YOUR INSTRUCTIONS. Find the line with "To serve: Serve" in the entries below, then reproduce it and every line after it down to and including the line with "After 3-4 minutes, add", exactly.

(Entries taken from a collection)
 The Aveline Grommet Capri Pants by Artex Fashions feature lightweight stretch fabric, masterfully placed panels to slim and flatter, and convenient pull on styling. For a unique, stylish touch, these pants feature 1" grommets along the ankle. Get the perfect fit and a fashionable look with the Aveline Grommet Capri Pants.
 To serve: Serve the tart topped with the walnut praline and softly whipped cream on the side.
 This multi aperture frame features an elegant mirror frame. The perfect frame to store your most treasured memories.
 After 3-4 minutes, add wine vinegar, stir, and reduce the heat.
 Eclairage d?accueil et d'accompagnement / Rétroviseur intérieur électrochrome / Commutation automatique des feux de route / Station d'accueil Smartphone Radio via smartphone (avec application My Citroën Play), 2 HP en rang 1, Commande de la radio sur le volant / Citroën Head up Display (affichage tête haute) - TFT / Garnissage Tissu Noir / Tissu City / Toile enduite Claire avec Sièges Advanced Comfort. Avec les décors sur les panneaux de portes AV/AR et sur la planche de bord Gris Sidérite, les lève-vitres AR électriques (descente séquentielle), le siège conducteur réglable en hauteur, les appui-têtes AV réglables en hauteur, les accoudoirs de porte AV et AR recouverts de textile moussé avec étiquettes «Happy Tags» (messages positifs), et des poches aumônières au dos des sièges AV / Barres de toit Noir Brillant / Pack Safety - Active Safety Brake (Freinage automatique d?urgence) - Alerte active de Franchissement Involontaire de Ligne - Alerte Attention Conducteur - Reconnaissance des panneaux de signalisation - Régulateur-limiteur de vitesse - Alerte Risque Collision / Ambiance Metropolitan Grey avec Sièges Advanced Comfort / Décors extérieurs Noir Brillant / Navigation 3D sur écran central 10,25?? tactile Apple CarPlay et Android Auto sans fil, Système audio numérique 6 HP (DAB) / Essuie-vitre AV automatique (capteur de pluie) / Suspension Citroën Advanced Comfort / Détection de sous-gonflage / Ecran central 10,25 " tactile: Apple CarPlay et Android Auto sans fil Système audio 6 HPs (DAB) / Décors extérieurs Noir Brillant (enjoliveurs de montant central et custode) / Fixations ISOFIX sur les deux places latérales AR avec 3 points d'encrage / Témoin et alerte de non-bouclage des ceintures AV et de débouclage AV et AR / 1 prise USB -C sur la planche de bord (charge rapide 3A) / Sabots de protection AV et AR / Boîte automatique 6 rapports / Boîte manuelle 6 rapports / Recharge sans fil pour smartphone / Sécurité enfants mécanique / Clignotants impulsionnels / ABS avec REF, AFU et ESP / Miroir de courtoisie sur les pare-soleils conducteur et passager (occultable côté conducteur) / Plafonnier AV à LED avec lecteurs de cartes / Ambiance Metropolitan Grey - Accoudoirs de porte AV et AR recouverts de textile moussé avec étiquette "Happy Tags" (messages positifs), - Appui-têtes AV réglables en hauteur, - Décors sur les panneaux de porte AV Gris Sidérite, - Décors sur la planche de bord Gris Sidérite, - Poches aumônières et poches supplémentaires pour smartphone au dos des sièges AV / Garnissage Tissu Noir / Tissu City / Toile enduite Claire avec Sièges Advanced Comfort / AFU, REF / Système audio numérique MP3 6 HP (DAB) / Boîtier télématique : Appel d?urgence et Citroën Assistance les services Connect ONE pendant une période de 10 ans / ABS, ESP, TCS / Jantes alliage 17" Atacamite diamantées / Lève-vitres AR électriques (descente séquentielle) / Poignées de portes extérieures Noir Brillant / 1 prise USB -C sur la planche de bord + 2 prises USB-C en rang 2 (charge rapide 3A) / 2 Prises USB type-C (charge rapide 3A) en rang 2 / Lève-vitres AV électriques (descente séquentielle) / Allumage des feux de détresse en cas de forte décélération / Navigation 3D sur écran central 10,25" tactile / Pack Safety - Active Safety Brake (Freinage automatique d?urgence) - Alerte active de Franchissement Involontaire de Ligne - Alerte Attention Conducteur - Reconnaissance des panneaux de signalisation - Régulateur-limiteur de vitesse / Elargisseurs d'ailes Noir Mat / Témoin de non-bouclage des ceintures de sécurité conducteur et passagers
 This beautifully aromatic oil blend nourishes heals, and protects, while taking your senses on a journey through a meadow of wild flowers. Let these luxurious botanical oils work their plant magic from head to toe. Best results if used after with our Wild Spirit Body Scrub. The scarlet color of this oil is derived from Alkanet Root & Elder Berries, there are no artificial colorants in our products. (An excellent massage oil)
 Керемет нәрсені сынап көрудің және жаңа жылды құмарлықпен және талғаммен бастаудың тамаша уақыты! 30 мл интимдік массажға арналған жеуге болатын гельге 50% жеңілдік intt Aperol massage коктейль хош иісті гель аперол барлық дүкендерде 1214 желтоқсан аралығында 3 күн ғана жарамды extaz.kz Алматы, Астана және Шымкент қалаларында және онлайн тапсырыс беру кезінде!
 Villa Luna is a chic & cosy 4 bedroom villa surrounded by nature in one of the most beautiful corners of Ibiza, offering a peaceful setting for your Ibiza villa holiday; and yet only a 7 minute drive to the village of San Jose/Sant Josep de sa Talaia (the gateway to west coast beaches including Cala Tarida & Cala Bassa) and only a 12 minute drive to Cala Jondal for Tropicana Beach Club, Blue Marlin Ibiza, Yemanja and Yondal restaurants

WRITTEN SOLUTION.
 To serve: Serve the tart topped with the walnut praline and softly whipped cream on the side.
 This multi aperture frame features an elegant mirror frame. The perfect frame to store your most treasured memories.
 After 3-4 minutes, add wine vinegar, stir, and reduce the heat.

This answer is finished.